Frequently Asked Questions (F.A.Q)
What are the blue-chip stocks?
Blue-chip or large-cap stocks are well-established, financially stable companies with a strong track record. The S&P/ASX 100 (XTO) is one of Australia's well-known blue-chip stocks that contain 100 blue-chip stocks. Let’s look at them:
RIO Tinto Ltd. (ASX: RIO), which has a market cap of $48.96 billion and a current market price of $131.90 (as of 9 January 2024).
BHP Group Ltd. (ASX: BHP) has a market cap of $248.22 billion and a current market price of $48.97 (as of 9 January 2024).

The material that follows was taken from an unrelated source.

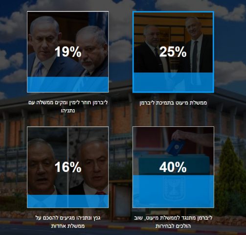 האפשרות שגנץ ונתניהו מרכיבים יחד ממשלת אחדות נתפסת בעיני הגולשים כאופציה הכי פחות סבירה: רק 16 אחוז מאמינים כי הצדדים יצליחו להתגבר על הפערים ב-23 הימים שנותרו עד לפיזור הכנסת. מנגד, 19 אחוז מהגולשים אמרו כי ליברמן יחזור לימין ויקים ממשלה צרה בראשות נתניהו – דבר שקיבל חיזוק משמעותי אתמול לאחר הפגישה של השניים, בעקבותיה נתניהו הורה שלא לתקוף את יו"ר ישראל ביתנו והתמקד במתקפה נגד כחול לבן ב"כנס החירום" של הליכוד.
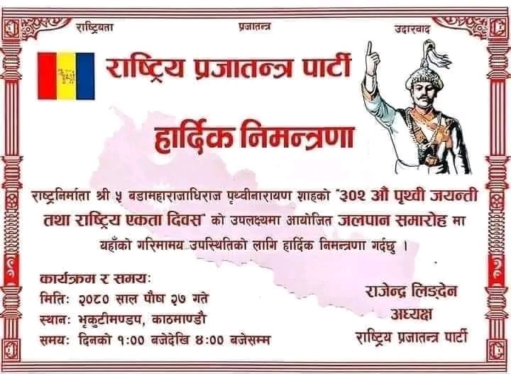 काठमाडौं । पृथ्वी जयन्तीको अवसरमा राप्रपा र राप्रपा नेपालले आज छुटाछुटै चियापान कार्यक्रमको आयोजना गरेका छन् । ३०२ औं पृथ्वी जयन्ती तथा राष्ट्रिय एकता दिवसको अवसरमा राप्रपा र राप्रपा नेपालले अलग अलग चियापान कार्यक्रमको आयोजना गरेका हुन ।

Westpac Banking Corporation (ASX: WBC) has a market cap of $80.89 billion and a current market price of $23.10 (as of 9 January 2024).
What are the advantages of investing in blue-chip ASX companies?
While many blue-chip stocks do generally offer dividend payments on a regular basis,however not all blue-chips do. Compared to small- or mid-cap stocks, which contribute to but also diminish portfolio returns, blue-chip stocks are typically less volatile. When investing in large-cap stocks, an investor can anticipate a comparatively lesser loss. Because these companies have a strong financial track record with a brilliant return profile, pure long-term investors typically prefer to purchase and hold these categories of investments for an extended period of time. Large corporations typically abide by all laws and guidelines associated with having publicly traded stock, helping to safeguard the capital and trust of investors.
How risky are the blue-chip stocks?
Blue-chip stocks don't carry a lot of risk; investors with lower risk tolerance tend to favour them. Although blue-chip stocks are not infallible, many investors find them to be a desirable option due to their track record of withstanding market downturns.